How to complete this task: Skipping all pictures, print exactly the lines below from the one with "Samuel Collings |" through the final line.

===== Supplied information

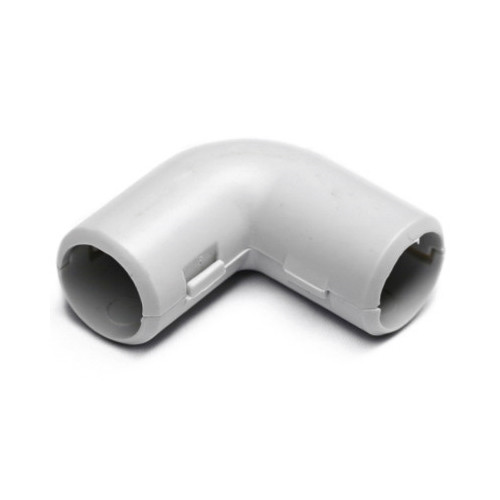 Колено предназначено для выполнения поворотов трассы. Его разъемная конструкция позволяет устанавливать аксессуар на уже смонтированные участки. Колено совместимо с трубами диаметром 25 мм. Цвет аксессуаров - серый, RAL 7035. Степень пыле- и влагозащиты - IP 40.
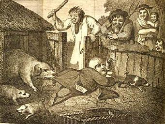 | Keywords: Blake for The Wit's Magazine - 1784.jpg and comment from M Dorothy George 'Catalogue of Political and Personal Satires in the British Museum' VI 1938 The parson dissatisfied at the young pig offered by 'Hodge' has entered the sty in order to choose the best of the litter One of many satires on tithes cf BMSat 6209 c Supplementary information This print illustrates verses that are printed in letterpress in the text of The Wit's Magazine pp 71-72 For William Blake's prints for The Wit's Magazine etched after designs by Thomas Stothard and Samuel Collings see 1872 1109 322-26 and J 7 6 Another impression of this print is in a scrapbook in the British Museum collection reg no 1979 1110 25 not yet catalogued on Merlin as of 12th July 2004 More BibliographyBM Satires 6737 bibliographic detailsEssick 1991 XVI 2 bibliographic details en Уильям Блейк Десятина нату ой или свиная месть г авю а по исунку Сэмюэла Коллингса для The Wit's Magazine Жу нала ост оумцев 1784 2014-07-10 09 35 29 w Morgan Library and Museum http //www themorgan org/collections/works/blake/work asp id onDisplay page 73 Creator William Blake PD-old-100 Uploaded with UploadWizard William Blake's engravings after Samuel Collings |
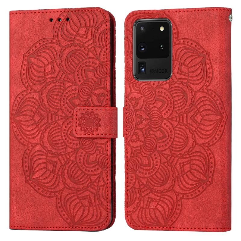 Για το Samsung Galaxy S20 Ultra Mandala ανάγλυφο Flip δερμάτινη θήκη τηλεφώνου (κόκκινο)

==========

Answer to this exercise:
 | Keywords: Blake for The Wit's Magazine - 1784.jpg and comment from M Dorothy George 'Catalogue of Political and Personal Satires in the British Museum' VI 1938 The parson dissatisfied at the young pig offered by 'Hodge' has entered the sty in order to choose the best of the litter One of many satires on tithes cf BMSat 6209 c Supplementary information This print illustrates verses that are printed in letterpress in the text of The Wit's Magazine pp 71-72 For William Blake's prints for The Wit's Magazine etched after designs by Thomas Stothard and Samuel Collings see 1872 1109 322-26 and J 7 6 Another impression of this print is in a scrapbook in the British Museum collection reg no 1979 1110 25 not yet catalogued on Merlin as of 12th July 2004 More BibliographyBM Satires 6737 bibliographic detailsEssick 1991 XVI 2 bibliographic details en Уильям Блейк Десятина нату ой или свиная месть г авю а по исунку Сэмюэла Коллингса для The Wit's Magazine Жу нала ост оумцев 1784 2014-07-10 09 35 29 w Morgan Library and Museum http //www themorgan org/collections/works/blake/work asp id onDisplay page 73 Creator William Blake PD-old-100 Uploaded with UploadWizard William Blake's engravings after Samuel Collings |
 Για το Samsung Galaxy S20 Ultra Mandala ανάγλυφο Flip δερμάτινη θήκη τηλεφώνου (κόκκινο)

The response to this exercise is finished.